What you will do
Only the lines from the one containing "применяет всевозможные фильтры." through the end of the data are wanted, reproduced exactly and without pictures.

Available data

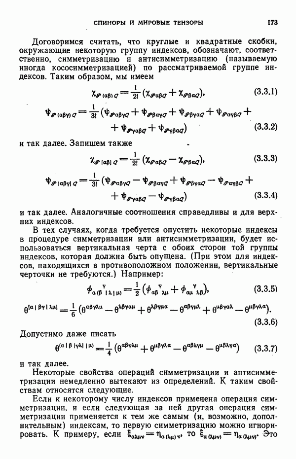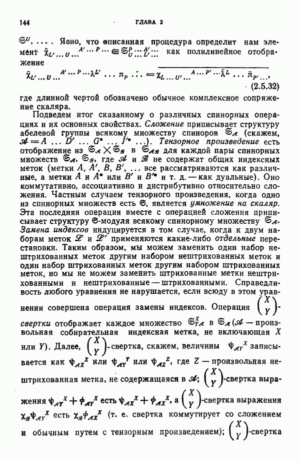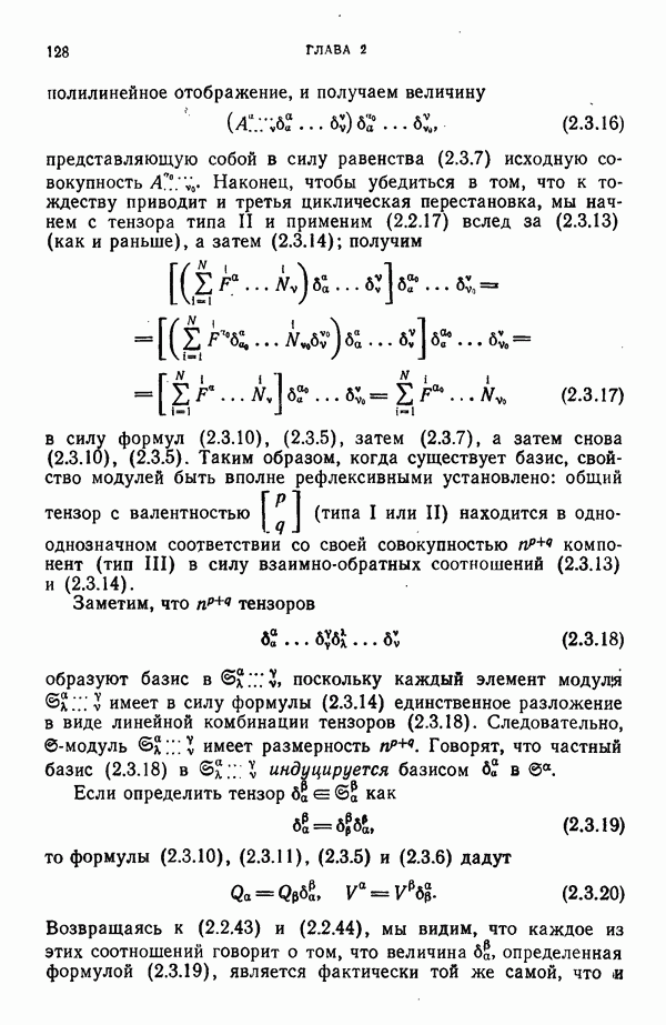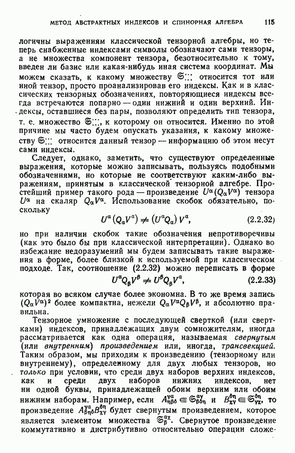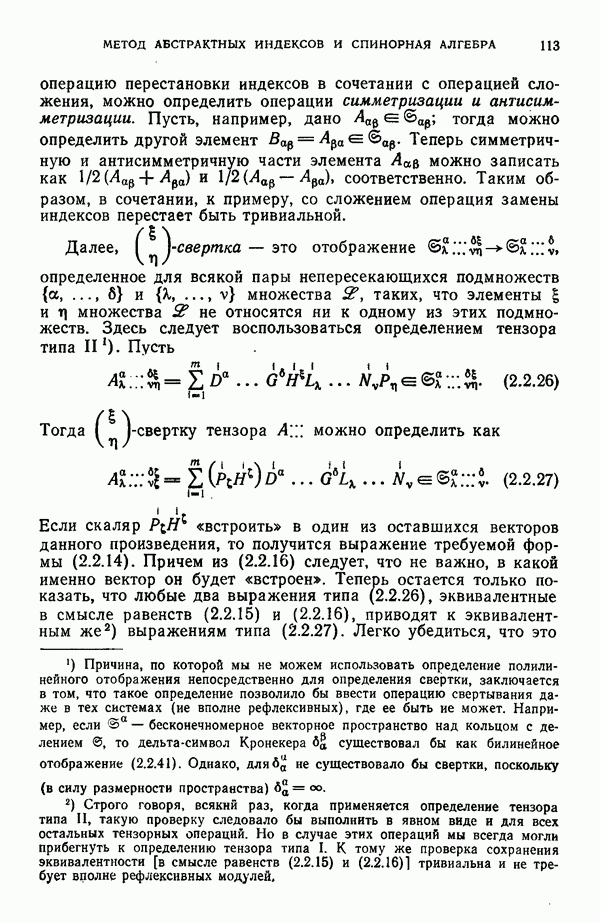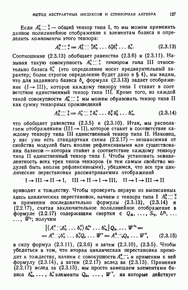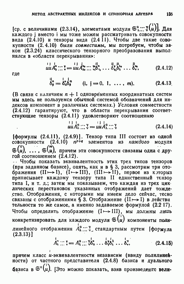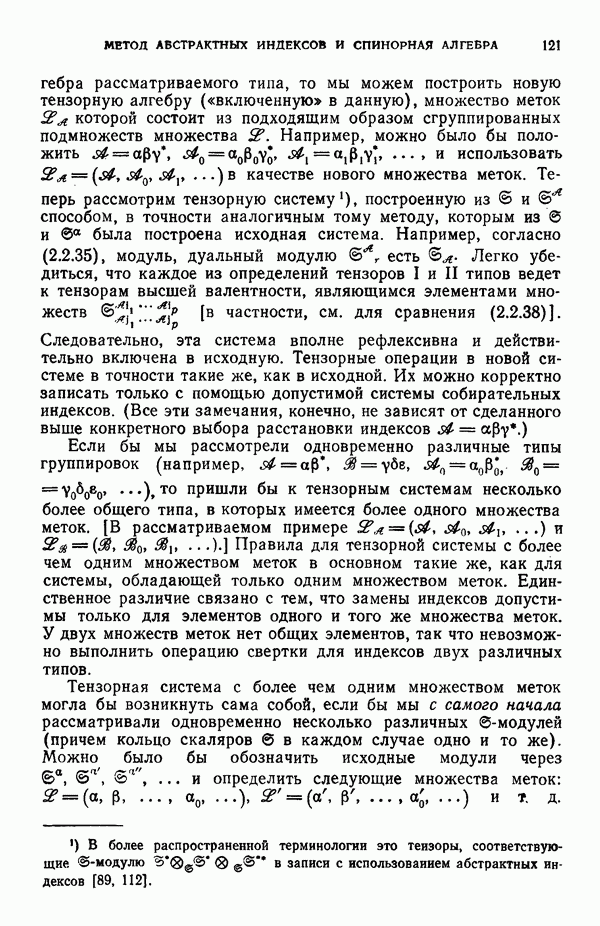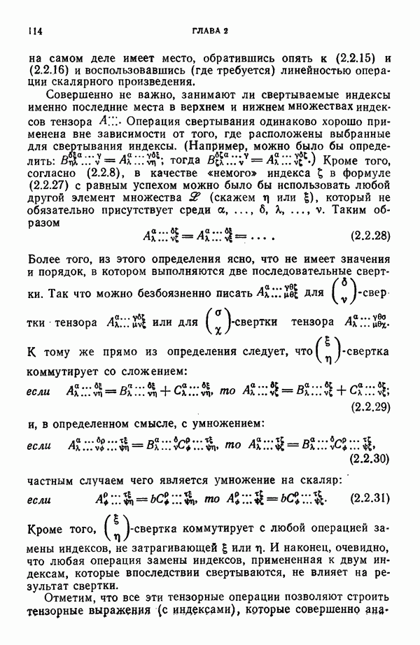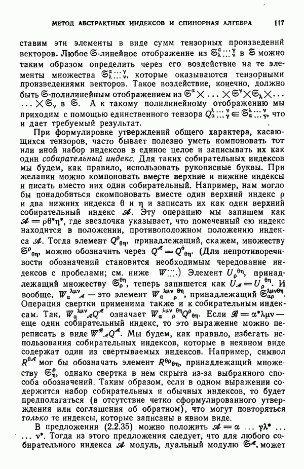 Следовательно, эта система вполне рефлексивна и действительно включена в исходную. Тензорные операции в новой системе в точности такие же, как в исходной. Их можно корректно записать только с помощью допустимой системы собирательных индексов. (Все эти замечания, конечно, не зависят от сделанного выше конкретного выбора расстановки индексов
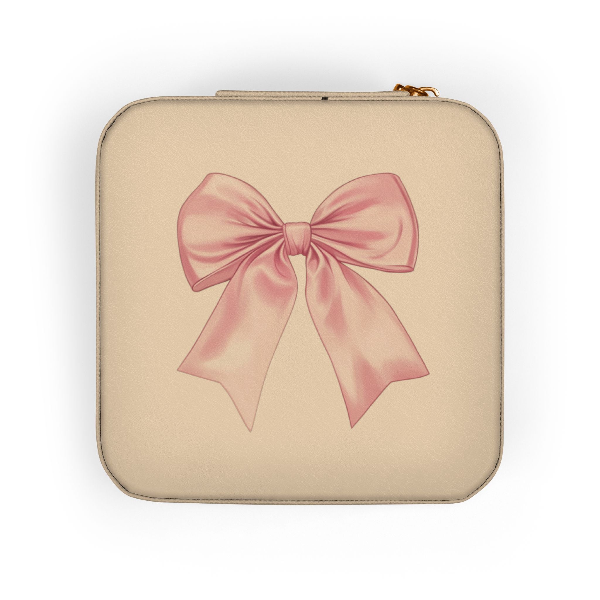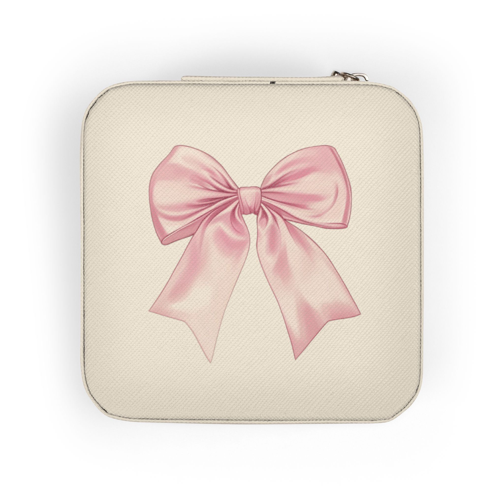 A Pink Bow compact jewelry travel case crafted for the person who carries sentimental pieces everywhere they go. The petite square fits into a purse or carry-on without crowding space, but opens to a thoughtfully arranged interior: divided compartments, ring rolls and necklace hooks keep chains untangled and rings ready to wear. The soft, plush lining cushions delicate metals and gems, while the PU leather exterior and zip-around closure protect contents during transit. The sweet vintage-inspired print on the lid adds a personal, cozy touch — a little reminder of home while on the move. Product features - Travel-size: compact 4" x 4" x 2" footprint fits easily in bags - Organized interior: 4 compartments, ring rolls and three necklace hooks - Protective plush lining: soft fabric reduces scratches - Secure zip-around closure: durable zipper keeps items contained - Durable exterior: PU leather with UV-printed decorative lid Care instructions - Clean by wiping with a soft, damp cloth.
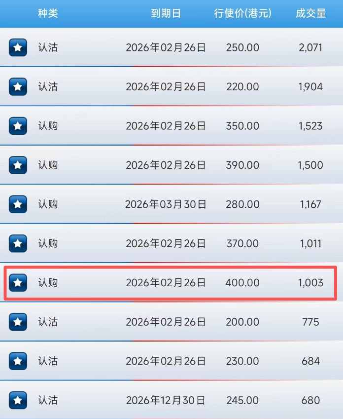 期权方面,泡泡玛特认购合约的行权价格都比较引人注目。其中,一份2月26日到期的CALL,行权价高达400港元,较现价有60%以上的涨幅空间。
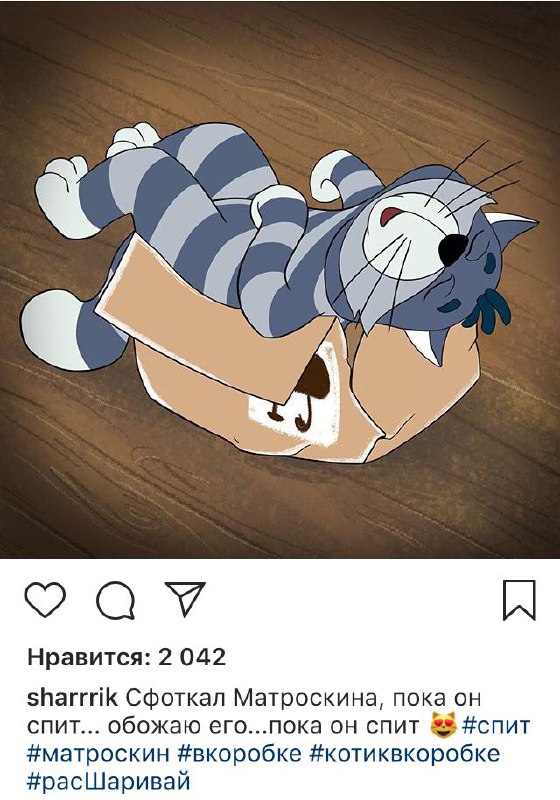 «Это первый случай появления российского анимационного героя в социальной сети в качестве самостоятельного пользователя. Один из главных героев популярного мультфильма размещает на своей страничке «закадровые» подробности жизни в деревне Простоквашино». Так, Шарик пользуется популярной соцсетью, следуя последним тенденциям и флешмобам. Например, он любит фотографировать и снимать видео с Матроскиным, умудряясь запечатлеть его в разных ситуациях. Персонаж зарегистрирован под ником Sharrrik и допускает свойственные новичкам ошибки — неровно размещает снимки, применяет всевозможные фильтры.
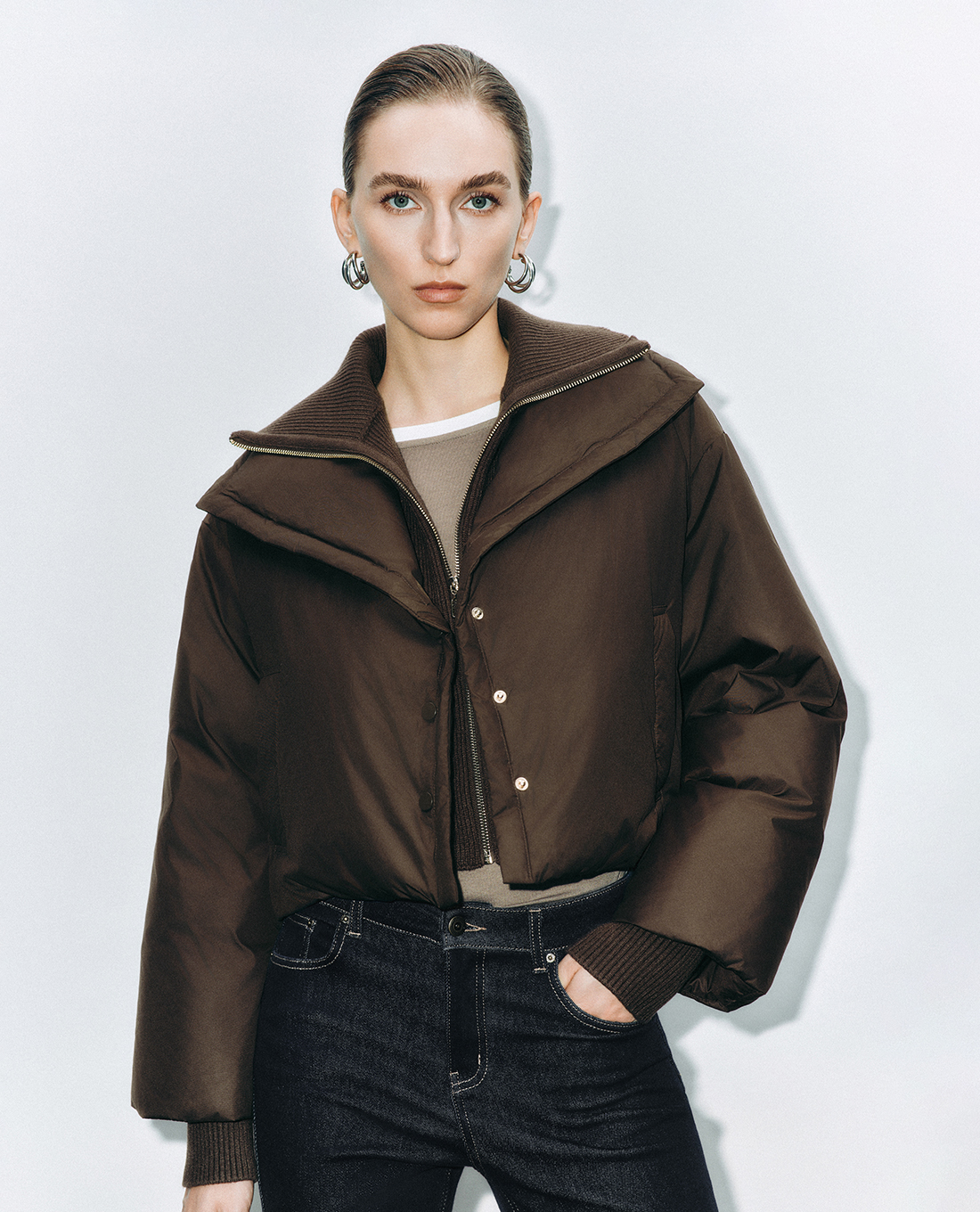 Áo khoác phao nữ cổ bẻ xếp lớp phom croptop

Task output
 «Это первый случай появления российского анимационного героя в социальной сети в качестве самостоятельного пользователя. Один из главных героев популярного мультфильма размещает на своей страничке «закадровые» подробности жизни в деревне Простоквашино». Так, Шарик пользуется популярной соцсетью, следуя последним тенденциям и флешмобам. Например, он любит фотографировать и снимать видео с Матроскиным, умудряясь запечатлеть его в разных ситуациях. Персонаж зарегистрирован под ником Sharrrik и допускает свойственные новичкам ошибки — неровно размещает снимки, применяет всевозможные фильтры.
 Áo khoác phao nữ cổ bẻ xếp lớp phom croptop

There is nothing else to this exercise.